Interestingly, there is a more direct connection between JFK's peccadilloes and the MI5-manipulated Profumo affair. During the summer of 1963, Hoover's porous sex files began leaking again, resulting in press reports that a high U.S. official had slept with two members of Britain's Ward-Keeler sex ring, the very ring that toppled Profumo. That high U.S. official, no surprise, was the prodigious JFK. Scott observes that "MI5, as Britain's counterintelligence agency, maintained direct relations with both Hoover in the FBI" and the CIA. Did the Brits help Hoover set up Kennedy for a fall?

Bobby Baker, catalyst of the JFK-Rometsch affair, later boasted that he had in his possession letters from the east Germain woman that could prove embarrassing to the Kennedys, which per Scott, "strengthens the impression of an ongoing, sophisticated blackmail operation" in this nation's carnal capital.

Perhaps. Or maybe it just proves that in Washington eventually everyone gets screwed.

The Jesus Conspiracy

The mysterious French organization known as the Priory of Zion may be a nine-hundred-year-old secret society possessing proof that Jesus Christ survived the crucifixion. What's more, it may also be the repository of Europe's secret history, and indeed the underground annals of all Christendom. Then again, maybe it's just an extremely elaborate hoax. Whichever, it launched a best-selling book, 1982's Holy Blood, Holy Grail, by BBC documentary filmmaker Henry Lincoln and historians Michael Baigent and Richard Leigh.

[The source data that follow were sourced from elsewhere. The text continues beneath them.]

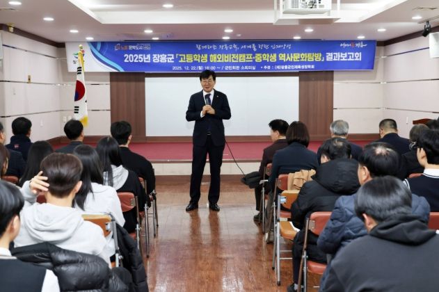 보고회는 한국농어촌공사 장흥지사의 인재육성 장학금 기탁을 시작으로, 중학생 해외문화탐방 결과 발표와 고등학생 해외비전캠프 성과 보고, 학생 소감 발표가 이어졌다.
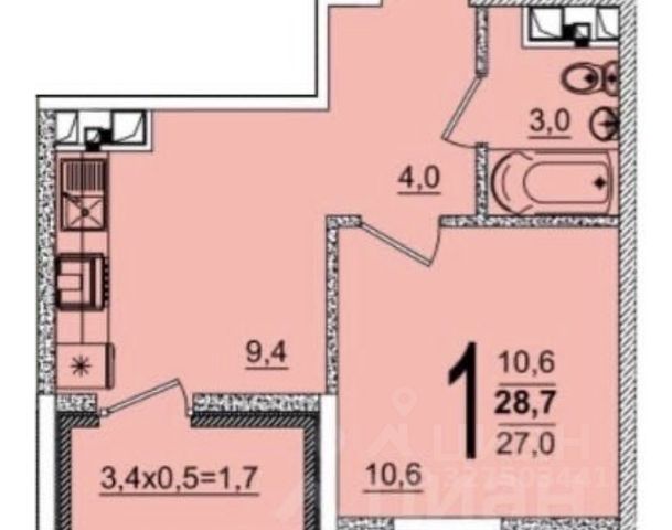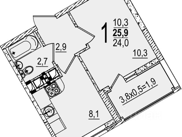 Общая площадь: 31 м² — всего 24,3 м² жилой + 6,6 м² лоджия!
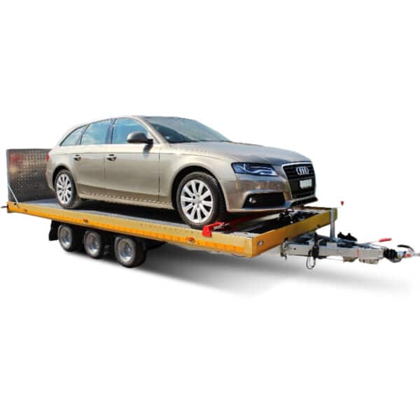 Leichter, robuster Anhänger für den professionellen Autotransport. Hohe Nutzlast durch den grossen Aluminiumanteil. Grosse abkippbare Ladefläche für einen niedrigen Ladewinkel und somit einen höheren Ladekomfort. Die Ladefläche ist manuel absenkbar und der Auffahrtswinkel beträgt nur 10° für eine problemlose Aufladung von auch tieferen Autos.
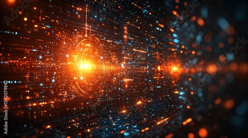 Glowing digital futuristic network with data transfer and movement
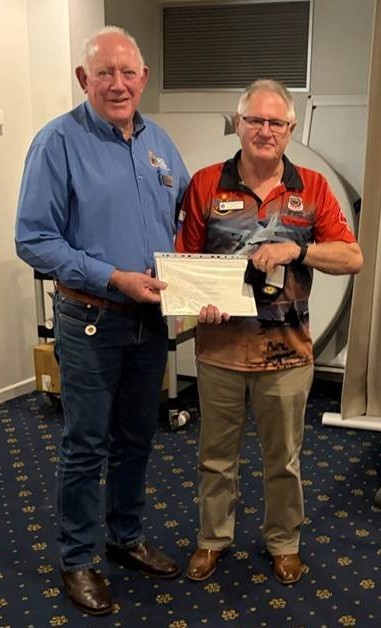 Above: L-R John Robinson OAM Vice President of South Eastern District presents Gary with his Life Member Award.
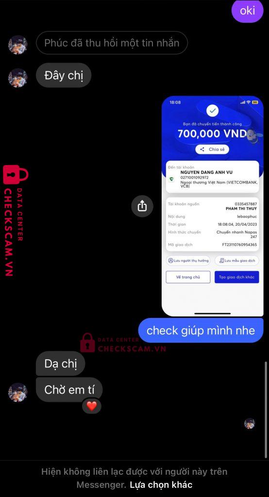 Scammer Alert: Nguyen Dang Anh Vu Reported: November 16, 2024 Scammer Information Full Name: Nguyen Dang Anh Vu Payment Gate: VCB Payment Account: 0271001092972 Category: Marketplace scams Source: Checkscam Evidence Files Report Description Lừa đảo cọc tiền xin việc làm sale, ngu vcl vẫn có ng bị đhs Comments Your comment Add Comment No comments yet. Be the first to share your experience with this scammer.
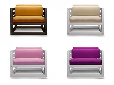 Данная модель выполнена из массива дерева, с мягким матрасом и двумя приспинными подушками, выглядят уютно и гостеприимно.
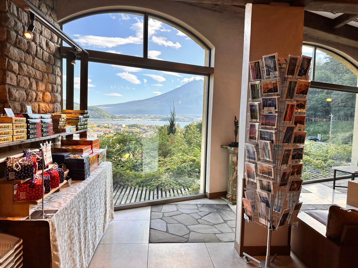 ▲ちょうど富士山を拝める窓の近くに、富士山の絶景を描いたポストカードが販売されていました。
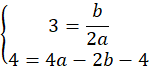Stwórz układ równań. Pierwsze równanie stwórz, wiedząc, że wzór na oś symetrii paraboli to
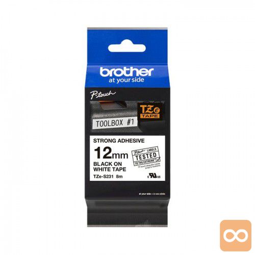 Trakovi > Trakovi za Brother (TZe / HSe), Originalni laminirani trak Brother TZE231 za vsestransko označevanje. Črna pisava na be...
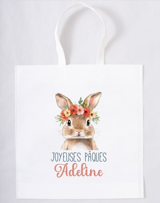 Sac shopping personnalisé, très pratique, léger et résistant, dispose de longues anses. Idéal pour la chasse aux œufs.
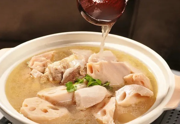 制作方法:将排骨洗净切成寸段,莲藕洗净用刀刮去表面粗皮后切滚刀块,备用;取炖汤锅放入清水,先放入排骨,煮沸后去浮沫,再加入莲藕块、生姜,用大火烧开后改用小火,炖1小时,加盐调味,即可。

Lincoln and company set out to write about one of France's most enduring riddles, the legend of Rennes-le-Chateau, an antique village ensconsed in the Pyrenees mountains. Legend has it that somehwhere beneath its cobblestone streets, Rennes-le-Chateau harbors a fabulous treasure. Locals are partial to the theory that the stash belonged to the Cathars, Christian heretics stamped out by the Catholic church in the thirteenth century. New Age pilgrims and occultists trek there to partake of the town's supposed spiritual energy; treasure hunters prowl its windswept perimeters in search of more worldly goods; others tie the source of the town's mustical fascination to UFOs.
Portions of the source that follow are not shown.